An additional issue with the framing is that I think you could do all the best of the clever things that Guth does without it – the emphasis on doubling, the playing around with the meaning of shadow and so on. You just don't need that extra layer – and in fact that layer kept taking away from the many powerful things within the story proper precisely because I was nagged at by the question of whether any of it was really happening. Finally, there are smaller presentational and movement issues which further let things down. There is, for me, no excuse for the fact that periodically during Acts One and Two the Empress, the woman whose lack of a shadow is the centre of the drama, is casting one onto the walls. No doubt it will be argued that this is just another figment of her dream, but it just isn't good enough – it is too much in visible contradiction to the text.

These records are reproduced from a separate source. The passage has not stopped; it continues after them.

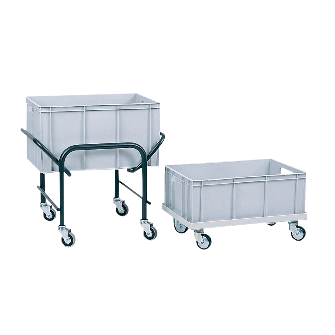 Wózek przydatny do przewożenia wanien, koszy i innych pojemników (600 x 400 mm). Wyposażony w 4 kółka sterujące z gumowymi obręczami. Wózki dostarczane są bez pojemników. Pasujące do wózka pojemniki dostępne są pod numerami art. od 2-1144 do 2-1147.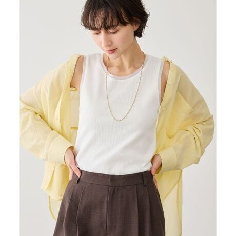・シアー素材をドッキングしたデザインタンクトップ。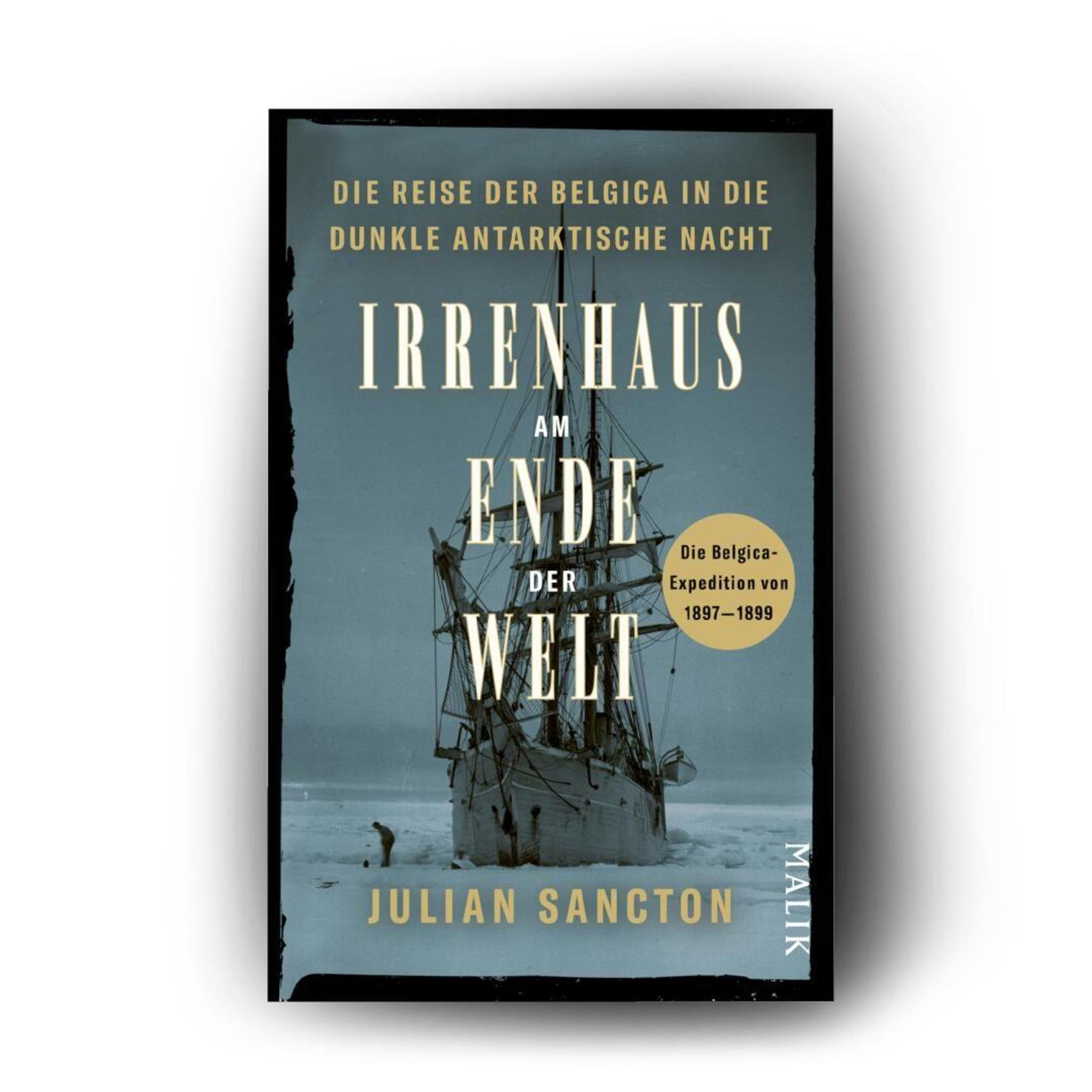 Buchtitel: "Irrenhaus am Ende der Welt". Ein Schiff steckt im Eis, oben Menschen auf Eis. Autor: Julian Sancton., Buch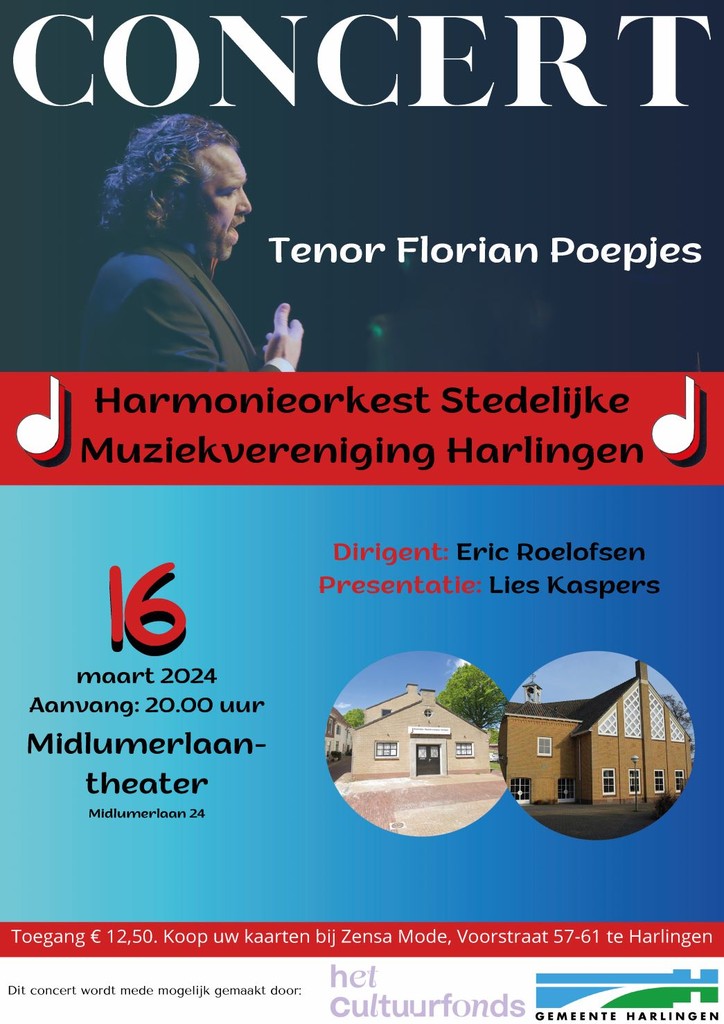 De Stedelijke Muziekvereniging Harlingen zal wat concerten betreft de spits afbijten. Als speciale gast komt tenor Florian Poepjes zijn opwachting maken.

I also found the various animals, who do appear, mostly confusing and distracting. No doubt, again, it is all supposed to be bringing out the Empress's inability to slough off her spiritual element and become fully human, but it didn't sufficiently work for me. The children in Act Three were particularly unfortunate – fussing about just when the music is becoming transcendant. The end of Act Two is also a problem – it ought to have a cataclysmic feeling to it and the visual impression wasn't sufficient – this was also a rare place where Guth's management of people seemed to let him down. All of this is a pity because there are some marvellous moments of interaction between the characters – the Empress's ongoing efforts to draw the two humans together were beautifully done.

Musically, this is an outstanding evening. Production wise I don't question that Guth is a very clever man, but it is a triumph of head over heart. It seems to me that he views the fairy tale nature of the story as a problem, whereas I would argue that if you embrace that aspect (as Jonathan Kent did), if you accept magic, transformations and spirits as key dimensions to these struggles the piece is actually much less problematic than people persist in thinking. These things happen in fairy tales, and fairy tales can be very dark and powerful without discarding them (see Sondheim's Into the Woods and the childless Baker and His Wife – not usually regarded as a problem piece). One performance remains, musically it is definitely worth picking up a return. I just wish I could have had these musicians, and Jonathan Kent's production.